A Conversation Between Ronan and Lena - Scribbles and Tunes

A Conversation Between Ronan and Lena

(This unpublished passage occurs shortly after Ronan convinces Lena to join forces with him in order to track down Jute. Chronologically, it would take place sometime in the middle of The Shadow at the Gate.)

“I knew one man who ran afoul of Nio Secganon several years ago,” said Ronan, starting to enjoy his own lies. “He looked at him funny, or knocked over his ale while sitting at a tavern counter, or insulted his hat – I can’t remember which – and that was the end of him.” Ronan shuddered and shook his head. “It was horrible!”

“What happened to him?”

“Well, the man strolled out of the tavern that night and was promptly knocked on the head.

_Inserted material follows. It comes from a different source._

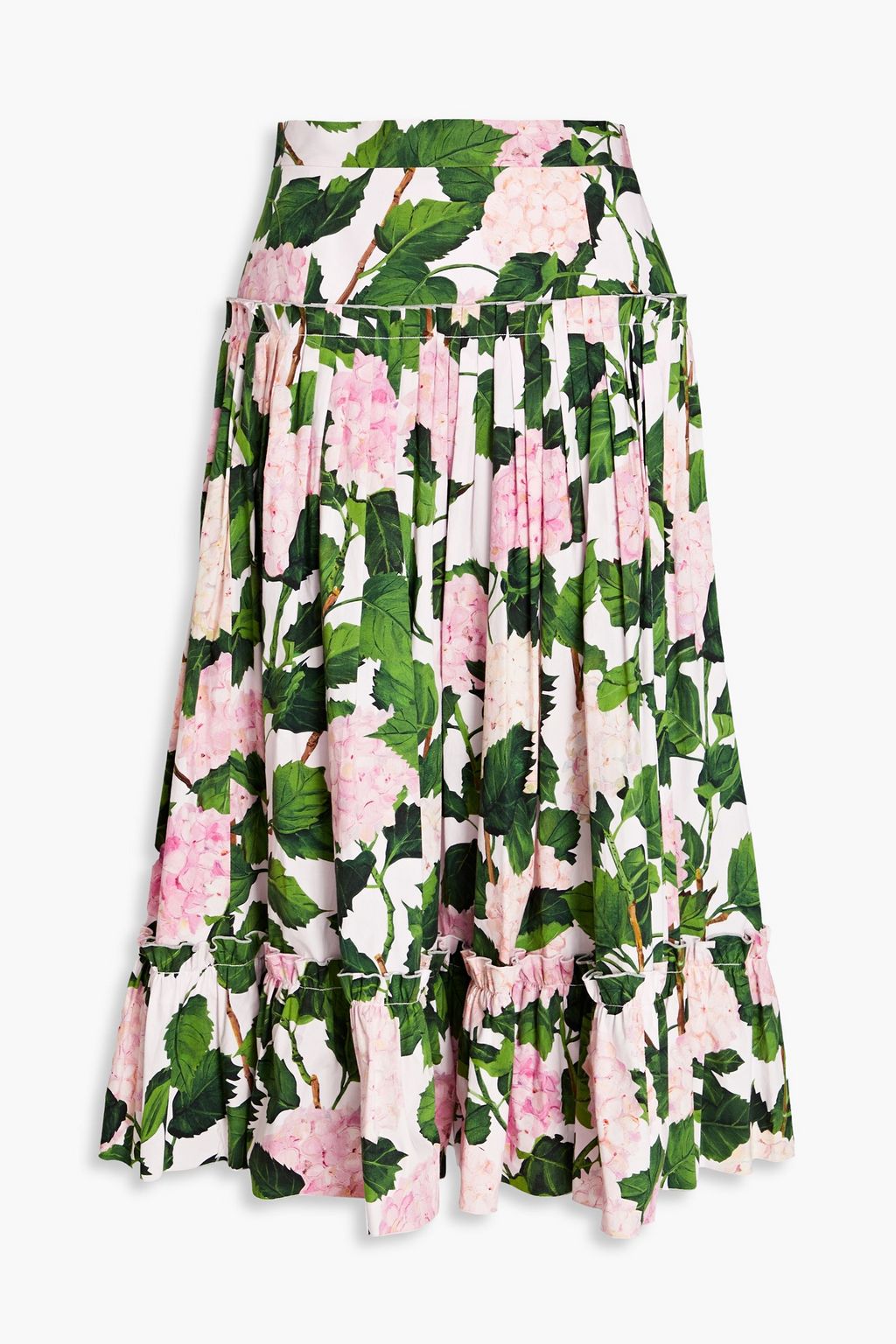 OSCAR DE LA RENTA Pleated floral-print stretch cotton-poplin midi skirt

He woke up with a knot on his head like an egg, and wound around with so many ropes that he could hardly breathe. Nio Secganon was standing there in front of him. He has enormous eyes, Nio does. He never blinks. He just stares like an owl, and those eyes of his glow in the dark! He can see right around corners!”

“So what happened then?” asked Lena. Her own eyes had gone about as wide as an owl’s as well.

“What happened when?”

“What happened to the cully with the bump on his head?!”

“Oh him. Right. Nio Secganon says to him, ‘Why’d you go knocking my hat off, friend?’ and the fellow can’t –”

“I thought you said he knocked over his ale. Not his hat.”

“Hat, ale – it was one of the two. Maybe he knocked over both. Shut your mouth and let me finish the story.”

“Oh, alright,” said Lena, but she shut her mouth, for she liked stories, especially if they were scary and had lots of fighting in them.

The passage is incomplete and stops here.